DAS faculty were so notoriously tough in the classroom (Joseph Brown, Pamela Smoot, Leo Gadzekpo and others) that my graduate experience in both the MA and Ph.D. program at UCLA was a cake walk. I wanted to stay at SIUC for graduate school but DAS faculty encouraged me to aim higher and I’m thankful for the push. When I was a student there, advisors used to tell students (myself included) not to enroll in DAS courses. I suspect the practice is still alive and well. If I had listened to such racism and disregard for diversity of ideas I would not be where I am today.

What will you do to ensure that SIUC will keep DAS on campus?

Brown and Smoot took me to conferences, forced me to submit my senior thesis for publication which became my first edited book, and influenced me to develop vantage points for how I view the world in a global and inclusive context. DAS in simple terms, literally saved my life and others. This statement is not hyperbole, as I have adopted all the values and methods I learned during my four years affiliated with DAS in all the work that I do as a scholar and mentor. Using the same fervor that DAS provided in order for me to reach my full potential, I am preparing to embark upon a national campaign, spend my political capital, and exhaust my network in academia in support of preventing the elimination of DAS.
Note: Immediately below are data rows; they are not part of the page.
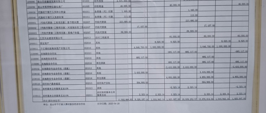 2025年3月大潭村股份经济合作社财务公开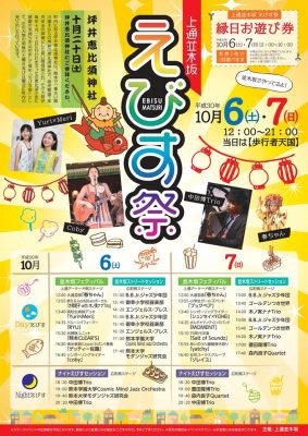 この恵比寿様を祀る神社の大祭が毎年10月20日あります。そして、それとは別に周辺商店街などが恵比寿様を敬う気持ちを込めて、10月6日(土)・7日(日)に「上通並木坂恵比寿祭」を開催しますを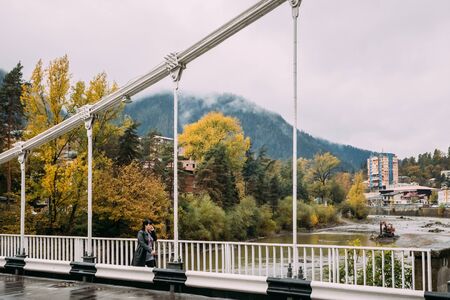 Borjomi, Samtskhe-Javakheti, Georgia. Woman Crossing In Bridge O

Black studies have been under attack across academia, and my colleagues and I who value black studies have successfully defended units at Cornell, Ohio State, Illinois and several other universities. I am hoping that we don’t have to wage such a battle at SIUC. I hope to appeal to the Board of Trustees for help and I seek your support. We live in one of the most racially polarized climates in American history. Academic units like DAS are evermore necessary in such times of racial strife and social justice movements.

Again, what will you do to ensure that SIUC will keep DAS on campus?

DAS is not just a department at SIUC, it is a community. I have returned to Carbondale on many occasions at the request of students and faculty and even staff (Tish Whitlock, DAS office manager who has since passed away and who taught me how to organize and run an office effectively) to mentor, engage the community, provide lectures, and work on joint scholarship/publications.

I can’t stress enough the severely negative impact removing DAS from SIUC’s campus will have on African-American students specifically and the community at large. I appeal to you to employ your influence to help save the Department of Africana Studies and I am eager to assist and support you and others in any way possible in support of DAS as well.

What will you do to ensure that SIUC will keep DAS on campus?

Jakobi Williams, Ph.D., is an associate professor at Indiana University.